Journal of Clinical Oncology ◽

10.1200/jco.2018.36.4_suppl.665 ◽

2018 ◽

Vol 36 (4_suppl) ◽

pp. 665-665

Author(s):

Yuji Takayama ◽

Koichi Suzuki ◽

Kosuke Ichida ◽

Taro Fukui ◽

Nao Kakizawa ◽

...

Keyword(s):

Colorectal Cancer ◽

Metastatic Colorectal Cancer ◽

Disease Progression ◽

Kras Mutation ◽

Circulating Tumor Dna ◽

Line Treatment ◽

Tumor Tissues ◽

Significant Difference ◽

Before And After ◽

Tumor Dna

665 Background: KRAS mutated circulating tumor DNA (MctDNA) can be detected in blood of patients with metastatic colorectal cancer (mCRC) but its dynamics and characteristics during anti-EGFR and other treatments are not well known. Methods: Four hundred and fifty-one plasma samples were collected prospectively from 85 patients who underwent chemotherapy due to mCRC in 2014 - 2017. KRAS mutation in codon12/13/61 was explored in tumor tissues and plasma. Results: KRAS assessment in tumor tissues showed 29 patients with KRAS mutation (MT), 56 patients without mutation (WT). Sensitivity and specificity of MctDNA was 86.4% and 100%, respectively. In 29 patients with MT, significant difference in PFS was observed between patients with MctDNA and without during 1st line treatment (3.0 months vs.15.0 months; p = 0.005). In 56 patients with WT, 27 patients showed MctDNA during various treatments. Different characteristics in appearance were recognized during several treatments including anti-VEGF, TAS-102 and regorafenib. KRAS mutation in codon12/13 was appeared before and after disease progression. KRAS mutation in codon 61 was, however, frequently detected before disease progression. A spike like appearance of KRAS mutation in codon12/13 was likely seen in response to induction of the sequential treatment.

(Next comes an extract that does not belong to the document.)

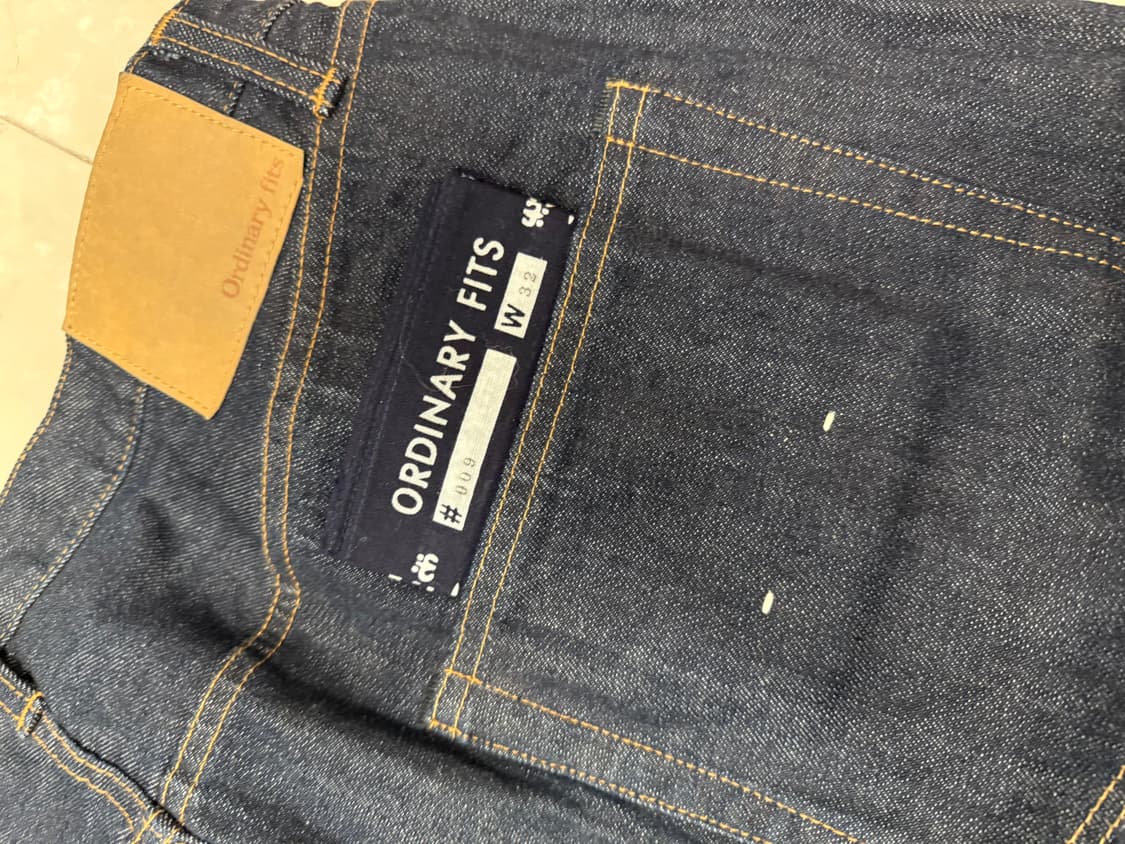 오디너리 핏츠 TACK 5POCKET DENIM one wash 입니다. 택 제거 후 보관중이며, 사이즈 32, 실착 없습니다.

Significant difference in PFS was observed between patients with MctDNA and without during 1st line treatment (6.0 months vs. 13.0 months; p = 0.0017), as was observed in patients with MT. Conclusions: Dynamics and characteristics of KRAS status in blood may be involved in the treatment response and outcome in mCRC patients.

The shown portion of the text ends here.